- WHAT IS NEEDED -
Beginning with the line that holds "Men's Casual Green" and ending with the last line below, repeat each line exactly, leaving any pictures out.

- Items listed in a dataset -
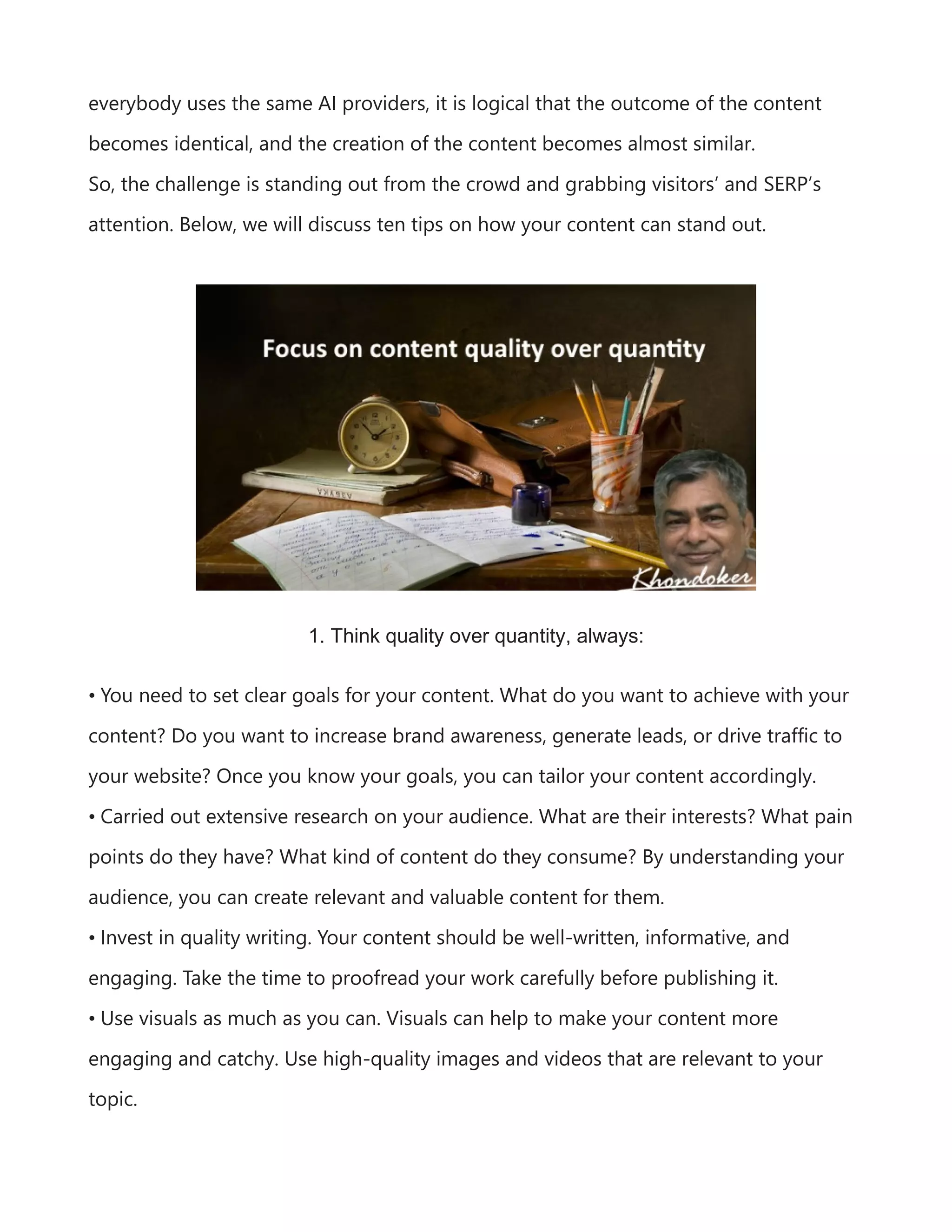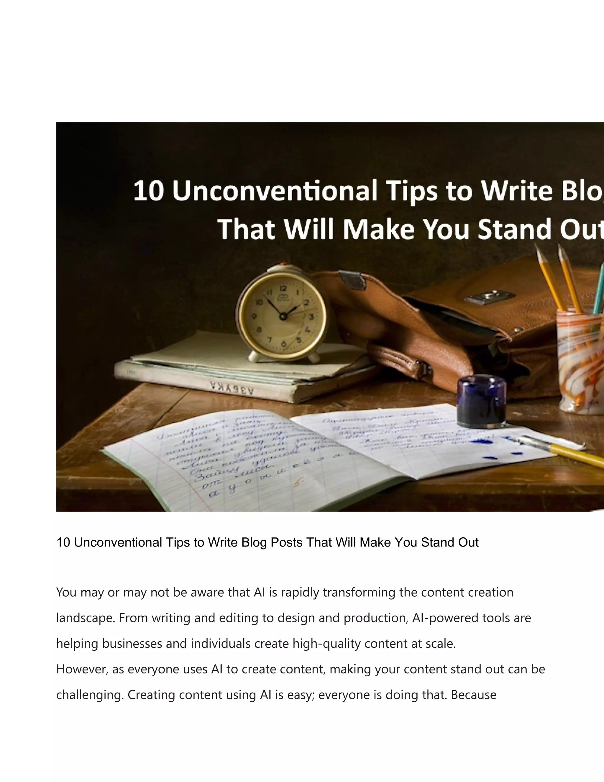 The document outlines ten unconventional tips for writing blog posts that stand out in an evolving landscape influenced by AI. Key recommendations include prioritizing quality over quantity, using effective visuals, and integrating personal experiences to enhance relatability and engagement. Additionally, it emphasizes the importance of promoting content strategically and utilizing AI tools to streamline content creation while ensuring originality and creativity.
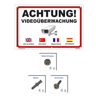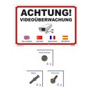 Achtung! Videoüberwacht - Videoüberwachung Schild 20x30 cm gelocht & Kit
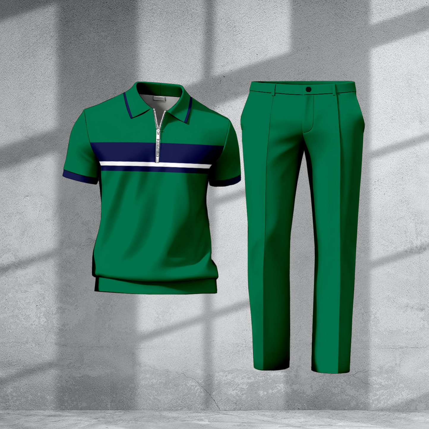 Men's Casual Green & Navy Color Matching Printed Short-Sleeve Zipper Polo Shirt & Trousers Two-Piece Set
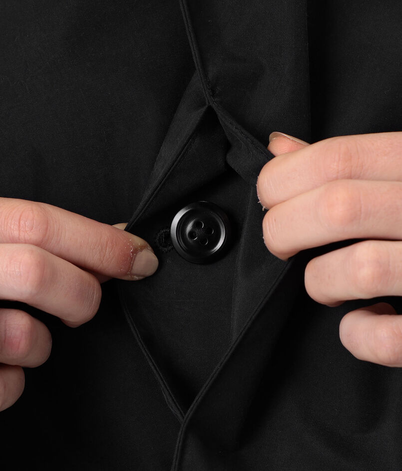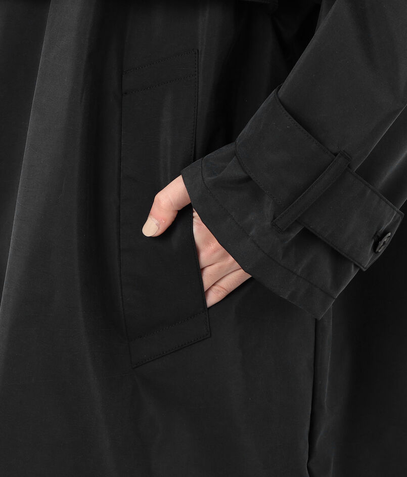 オリジナルのシルクポプリンにウレタンコーティングを施したラグジュアリーな素材がシックな雰囲気を演出。
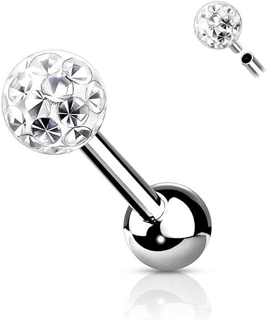 Surgical Steel Internally Threaded Epoxy Covered Crystal Paved Ball Top Cartilage Barbells

- PROBLEM SOLUTION -
 Men's Casual Green & Navy Color Matching Printed Short-Sleeve Zipper Polo Shirt & Trousers Two-Piece Set
 オリジナルのシルクポプリンにウレタンコーティングを施したラグジュアリーな素材がシックな雰囲気を演出。
 Surgical Steel Internally Threaded Epoxy Covered Crystal Paved Ball Top Cartilage Barbells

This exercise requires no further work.